# [Assignment]
Pictures excluded, copy all of the data below exactly.

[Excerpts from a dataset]
★ ★ ★ ★ ★
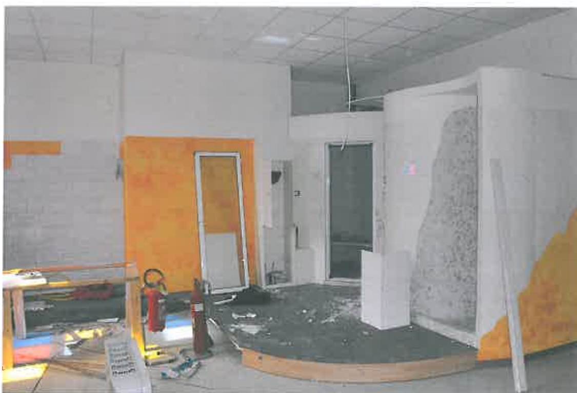
VISTA LOCALE ATTIVITA' ARTIGIANALE SUB 94
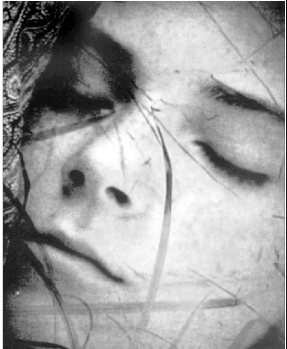
لقطة من فيلم «نسيان» للمخرج الفرنسي كيرار كيراسكي

تعودان إلى منزلهما لمحاكاة حركات الأقدام فوق السرير، وتشويه شريط الصوت، لتجربته ميمناً وشمالاً على طرقة موسيقى «الراب». «إيتيبسيا توري» في رقص، وخلال دقيقة واحدة، تمارس نفس العملية، تعيد ظهور نفس اللقطة، تتعدد أبعادها، تشوه الصورة والصوت. ولكن بينوا ليمان يخرج من قاعة التدرجات إلى اماكن خارجية متعددة، ليعيد لنا رقصاً من نوع آخر، أكثر خشونة، عفاً، وطقوسية، فيستعرض لنا القاعة، وأصوات المدربة تختلط وضربات الرقعي للصوره وطرايق حديثة لعرضها، مثل الإنترنت والـ DVD. وعلى الرغم من تنوع الإقترابات، الحرية، والرغبة التجريبية التي تنطلق منها الأعمال المقترحة، إلا انها تكشف عن علاقة الجيل الفرنسي الجديد مع نفسه والآخرين، وتطرح أسئلة عن دور الكاميرا والصور التلقائية عنها: هل هي أداة للتوجه نحو الآخر، اكتشافه، والتواصل معه؟ أم انها، بالأحرى، وسيلة اضافية لتجربتها في حد ذاتها وعلاقتها مع زميل الدراسة «بانيك جيه» ومع انشأ تكريبات شخصية، إلا أن طريقة الحكمي تتوجه لأخر/ المتفرج الذي يتابع تنوعه، شخصية، وتلقائية القناعة، والتي تنظر إلى عسة الكاميرا كمتفرج، وتفتح قلبها
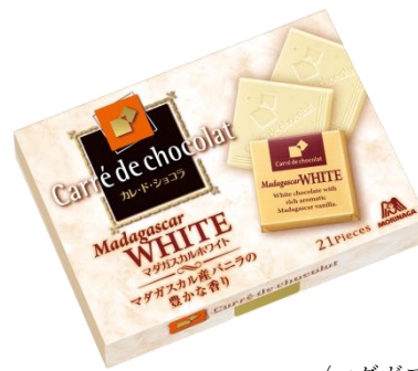
〈マダガスカルホワイト〉
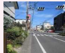
与野本町通りの現状
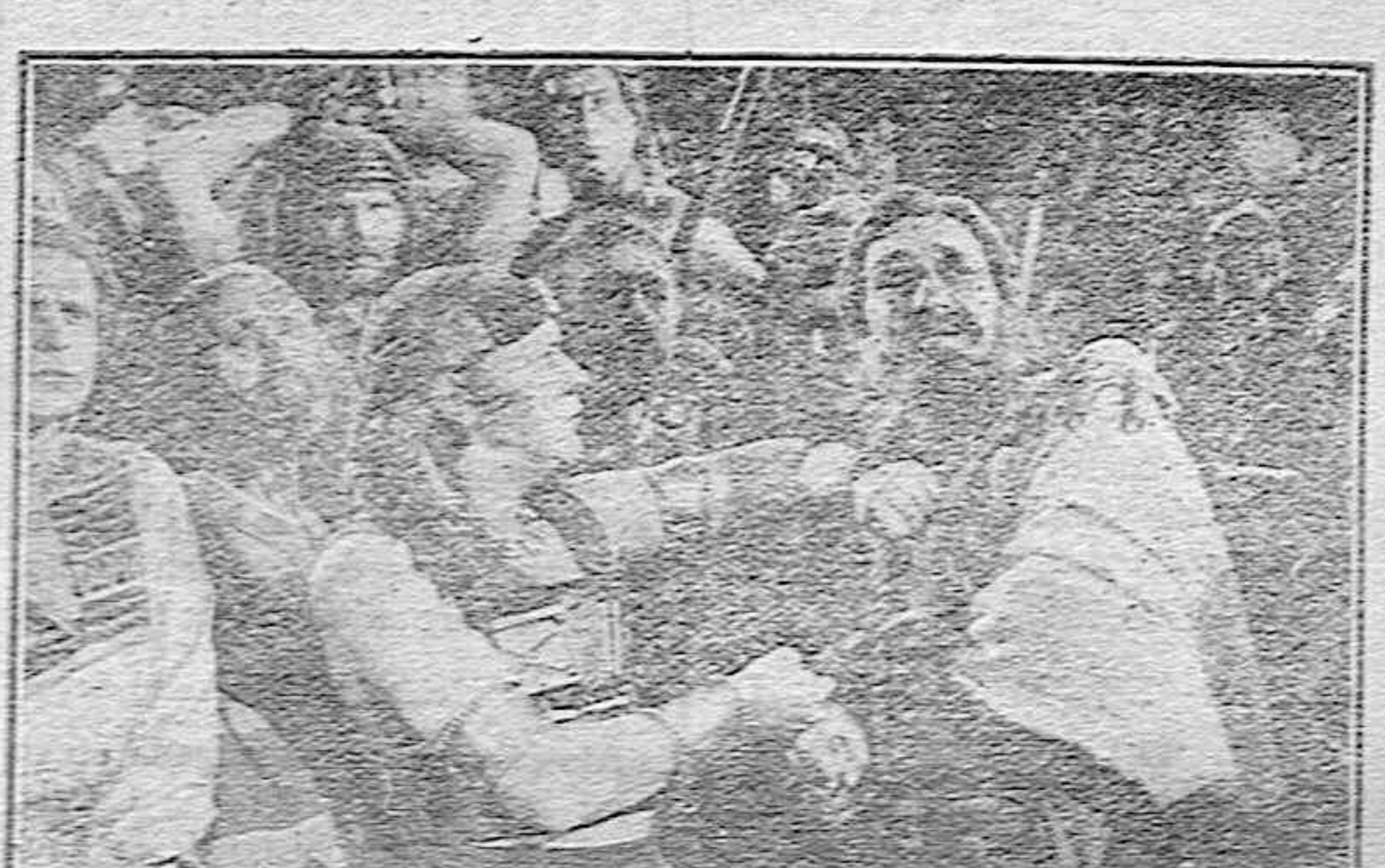
Tres interesantes escenas de la película, REV DE REYES
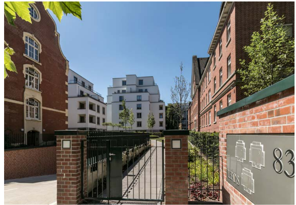
Historische Stiftsbauten und modernes Wohnensemble in harmonischer Kombination
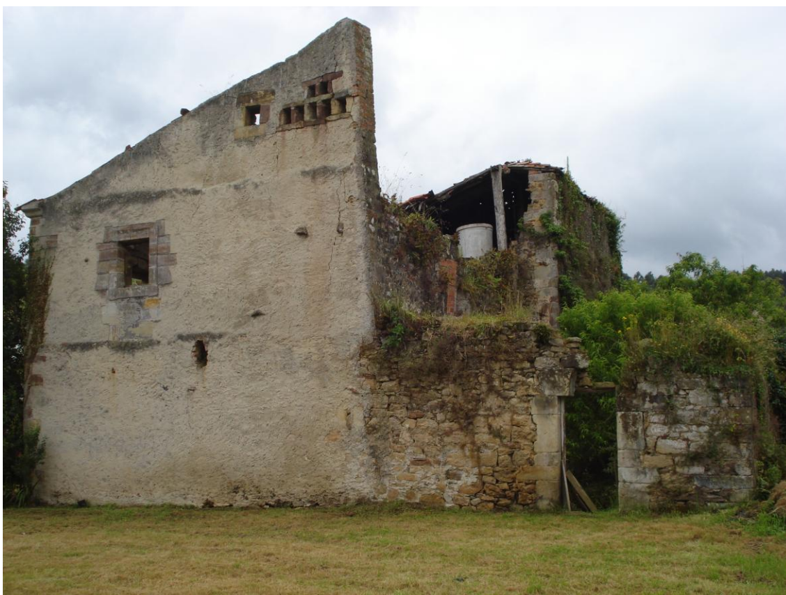
Imagen 25. Restos de la Torre medieval de Bracho en Ruiseñada.

En el municipio existieron varias torres defensivas medievales, de las que apenas se conservan restos en la actualidad. El más importante fue el castillo de Peñacastillo, que ha sido fruto de investigación arqueológica. La importante torre familiar de Bracho, en Ruiseñada, se conserva en avanzado estado de ruina, formando parte de un conjunto edificado posterior. De la torre que pudo existir en Comillas, que ha dejado los topónimos Solatorre y barrio de El Castillo, no se conserva resto alguno. De la posible torre que la documentación bajomedieval sitúa en el entorno de la Peluca se desconoce su ubicación exacta.
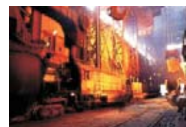
Рис. 1. Некоторые области применения высокотемпературных компонентов TI

Промышленность: - химические процессы - датчики и системы управления
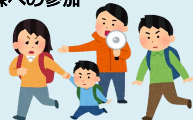
地域防災訓練への参加
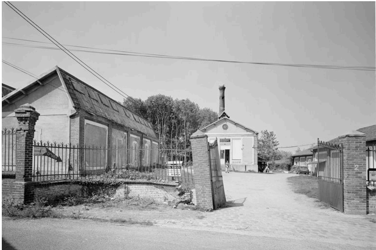
Entrée principale, chaufferie et atelier de fabrication.
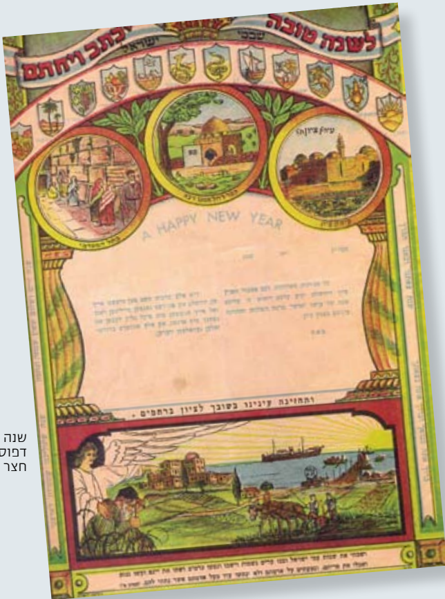
שנה טובה "חלוצית", דפוס אחווה

מסר נוסף בהצמדת הנופים העתיקים לנופים החדשים היה הציפייה המשיחית לגאולת עם ישראל. דוגמה לכך היא ברכת שנה טובה מצוירת וצבעונית מדפוס מנזון, עם ברכה ביידיש, המציגה את המקומות הקדושים כשתחתם ציור נוף ארץ-ישראלי: הרים, עמק, עצי פרי, ובמרכז סל עם ארבעת המינים תוצרת הארץ (ראו עמ' 8). גם במקרה זה המסר ברור: התגשמות החלום היהודי – אולי אף הצינוני? – לחזור לנופי ארץ הקודש מתרחשת כאן ועכשיו, ומסומלת ביבול המבורך של ארבעת המינים, המסמלים את החזון הנבואי לברכות רוחניות וגשמיות בארץ ישראל. פן אחר של הנוף הארץ-ישראלי המתחדש משתקף בברכת שנה טובה מצוירת וצבעונית מדפוס אחווה בירושלים, ככל הנראה מתקופת מלחמת העולם השנייה. בחלקה העליון של הברכה מצוירים בציור סטנדרטי למדי סמלי שנים עשר השבטים, ציון, קבר רחל והכותל המערבי; אך בחלק התחתון מצוירים נמל תל אביב עם ספינה ומעפילים, חלוצים בשדה, מבנים חדשים, והמלאך (אליהו הנביא?) השולח את יהודי הגולה לארץ ישראל. הציטוטים מן
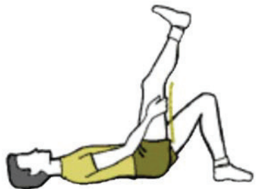
Figure B-13 Étirement de l'ischio-jambier

Remarque. Tiré de Sages Start: A Flexible Way to Get Fit . Extrait le 26 octobre 2006 du site http://www.in-motion.ca/walkingworkout/plan/flexibility/ .
★ ★ ★ ★ ★
# [Solution]
VISTA LOCALE ATTIVITA' ARTIGIANALE SUB 94
لقطة من فيلم «نسيان» للمخرج الفرنسي كيرار كيراسكي

تعودان إلى منزلهما لمحاكاة حركات الأقدام فوق السرير، وتشويه شريط الصوت، لتجربته ميمناً وشمالاً على طرقة موسيقى «الراب». «إيتيبسيا توري» في رقص، وخلال دقيقة واحدة، تمارس نفس العملية، تعيد ظهور نفس اللقطة، تتعدد أبعادها، تشوه الصورة والصوت. ولكن بينوا ليمان يخرج من قاعة التدرجات إلى اماكن خارجية متعددة، ليعيد لنا رقصاً من نوع آخر، أكثر خشونة، عفاً، وطقوسية، فيستعرض لنا القاعة، وأصوات المدربة تختلط وضربات الرقعي للصوره وطرايق حديثة لعرضها، مثل الإنترنت والـ DVD. وعلى الرغم من تنوع الإقترابات، الحرية، والرغبة التجريبية التي تنطلق منها الأعمال المقترحة، إلا انها تكشف عن علاقة الجيل الفرنسي الجديد مع نفسه والآخرين، وتطرح أسئلة عن دور الكاميرا والصور التلقائية عنها: هل هي أداة للتوجه نحو الآخر، اكتشافه، والتواصل معه؟ أم انها، بالأحرى، وسيلة اضافية لتجربتها في حد ذاتها وعلاقتها مع زميل الدراسة «بانيك جيه» ومع انشأ تكريبات شخصية، إلا أن طريقة الحكمي تتوجه لأخر/ المتفرج الذي يتابع تنوعه، شخصية، وتلقائية القناعة، والتي تنظر إلى عسة الكاميرا كمتفرج، وتفتح قلبها
〈マダガスカルホワイト〉
与野本町通りの現状
Tres interesantes escenas de la película, REV DE REYES
Historische Stiftsbauten und modernes Wohnensemble in harmonischer Kombination
Imagen 25. Restos de la Torre medieval de Bracho en Ruiseñada.

En el municipio existieron varias torres defensivas medievales, de las que apenas se conservan restos en la actualidad. El más importante fue el castillo de Peñacastillo, que ha sido fruto de investigación arqueológica. La importante torre familiar de Bracho, en Ruiseñada, se conserva en avanzado estado de ruina, formando parte de un conjunto edificado posterior. De la torre que pudo existir en Comillas, que ha dejado los topónimos Solatorre y barrio de El Castillo, no se conserva resto alguno. De la posible torre que la documentación bajomedieval sitúa en el entorno de la Peluca se desconoce su ubicación exacta.
Рис. 1. Некоторые области применения высокотемпературных компонентов TI

Промышленность: - химические процессы - датчики и системы управления
地域防災訓練への参加
Entrée principale, chaufferie et atelier de fabrication.
שנה טובה "חלוצית", דפוס אחווה

מסר נוסף בהצמדת הנופים העתיקים לנופים החדשים היה הציפייה המשיחית לגאולת עם ישראל. דוגמה לכך היא ברכת שנה טובה מצוירת וצבעונית מדפוס מנזון, עם ברכה ביידיש, המציגה את המקומות הקדושים כשתחתם ציור נוף ארץ-ישראלי: הרים, עמק, עצי פרי, ובמרכז סל עם ארבעת המינים תוצרת הארץ (ראו עמ' 8). גם במקרה זה המסר ברור: התגשמות החלום היהודי – אולי אף הצינוני? – לחזור לנופי ארץ הקודש מתרחשת כאן ועכשיו, ומסומלת ביבול המבורך של ארבעת המינים, המסמלים את החזון הנבואי לברכות רוחניות וגשמיות בארץ ישראל. פן אחר של הנוף הארץ-ישראלי המתחדש משתקף בברכת שנה טובה מצוירת וצבעונית מדפוס אחווה בירושלים, ככל הנראה מתקופת מלחמת העולם השנייה. בחלקה העליון של הברכה מצוירים בציור סטנדרטי למדי סמלי שנים עשר השבטים, ציון, קבר רחל והכותל המערבי; אך בחלק התחתון מצוירים נמל תל אביב עם ספינה ומעפילים, חלוצים בשדה, מבנים חדשים, והמלאך (אליהו הנביא?) השולח את יהודי הגולה לארץ ישראל. הציטוטים מן
Figure B-13 Étirement de l'ischio-jambier

Remarque. Tiré de Sages Start: A Flexible Way to Get Fit . Extrait le 26 octobre 2006 du site http://www.in-motion.ca/walkingworkout/plan/flexibility/ .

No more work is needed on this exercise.